• **Listed records**
+++++
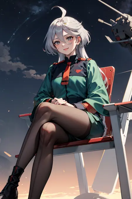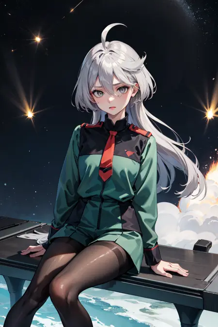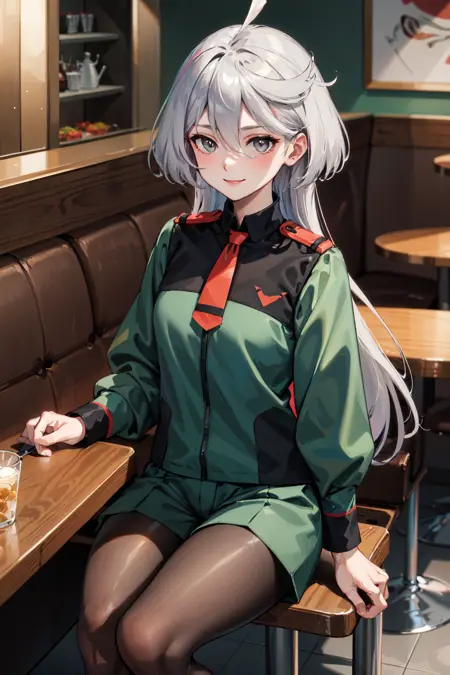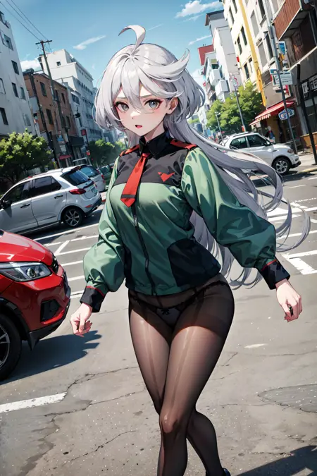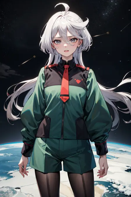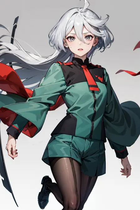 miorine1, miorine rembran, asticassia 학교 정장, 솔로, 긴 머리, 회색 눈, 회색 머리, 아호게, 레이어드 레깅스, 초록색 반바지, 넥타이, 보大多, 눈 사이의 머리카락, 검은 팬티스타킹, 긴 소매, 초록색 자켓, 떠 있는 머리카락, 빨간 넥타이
+++++
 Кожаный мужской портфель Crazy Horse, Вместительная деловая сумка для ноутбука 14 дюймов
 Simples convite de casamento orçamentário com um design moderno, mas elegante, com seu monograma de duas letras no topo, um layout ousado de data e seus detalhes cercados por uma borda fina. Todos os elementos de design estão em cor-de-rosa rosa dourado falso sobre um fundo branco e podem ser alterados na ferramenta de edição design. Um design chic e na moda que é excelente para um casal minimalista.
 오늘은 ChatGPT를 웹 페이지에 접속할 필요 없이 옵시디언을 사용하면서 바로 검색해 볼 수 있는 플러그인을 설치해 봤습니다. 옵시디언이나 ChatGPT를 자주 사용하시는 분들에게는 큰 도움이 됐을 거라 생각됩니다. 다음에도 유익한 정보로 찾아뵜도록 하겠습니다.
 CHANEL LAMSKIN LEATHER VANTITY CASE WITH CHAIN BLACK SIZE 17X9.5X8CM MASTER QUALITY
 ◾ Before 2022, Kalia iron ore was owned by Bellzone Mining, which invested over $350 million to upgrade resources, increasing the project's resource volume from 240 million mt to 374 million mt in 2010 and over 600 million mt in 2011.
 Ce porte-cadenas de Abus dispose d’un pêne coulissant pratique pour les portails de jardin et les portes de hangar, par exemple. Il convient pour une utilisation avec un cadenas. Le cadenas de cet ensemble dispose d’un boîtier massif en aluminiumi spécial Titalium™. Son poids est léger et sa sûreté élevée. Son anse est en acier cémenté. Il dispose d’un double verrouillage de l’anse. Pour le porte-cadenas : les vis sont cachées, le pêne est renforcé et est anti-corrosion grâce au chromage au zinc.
+++++
• **Your instructions**
In the records above, the line with "오늘은 ChatGPT를 웹" marks the start and the line with "CHANEL LAMSKIN LEATHER" marks the end; copy that stretch exactly, both lines included, and nothing else.

• **Output for this exercise**
 오늘은 ChatGPT를 웹 페이지에 접속할 필요 없이 옵시디언을 사용하면서 바로 검색해 볼 수 있는 플러그인을 설치해 봤습니다. 옵시디언이나 ChatGPT를 자주 사용하시는 분들에게는 큰 도움이 됐을 거라 생각됩니다. 다음에도 유익한 정보로 찾아뵜도록 하겠습니다.
 CHANEL LAMSKIN LEATHER VANTITY CASE WITH CHAIN BLACK SIZE 17X9.5X8CM MASTER QUALITY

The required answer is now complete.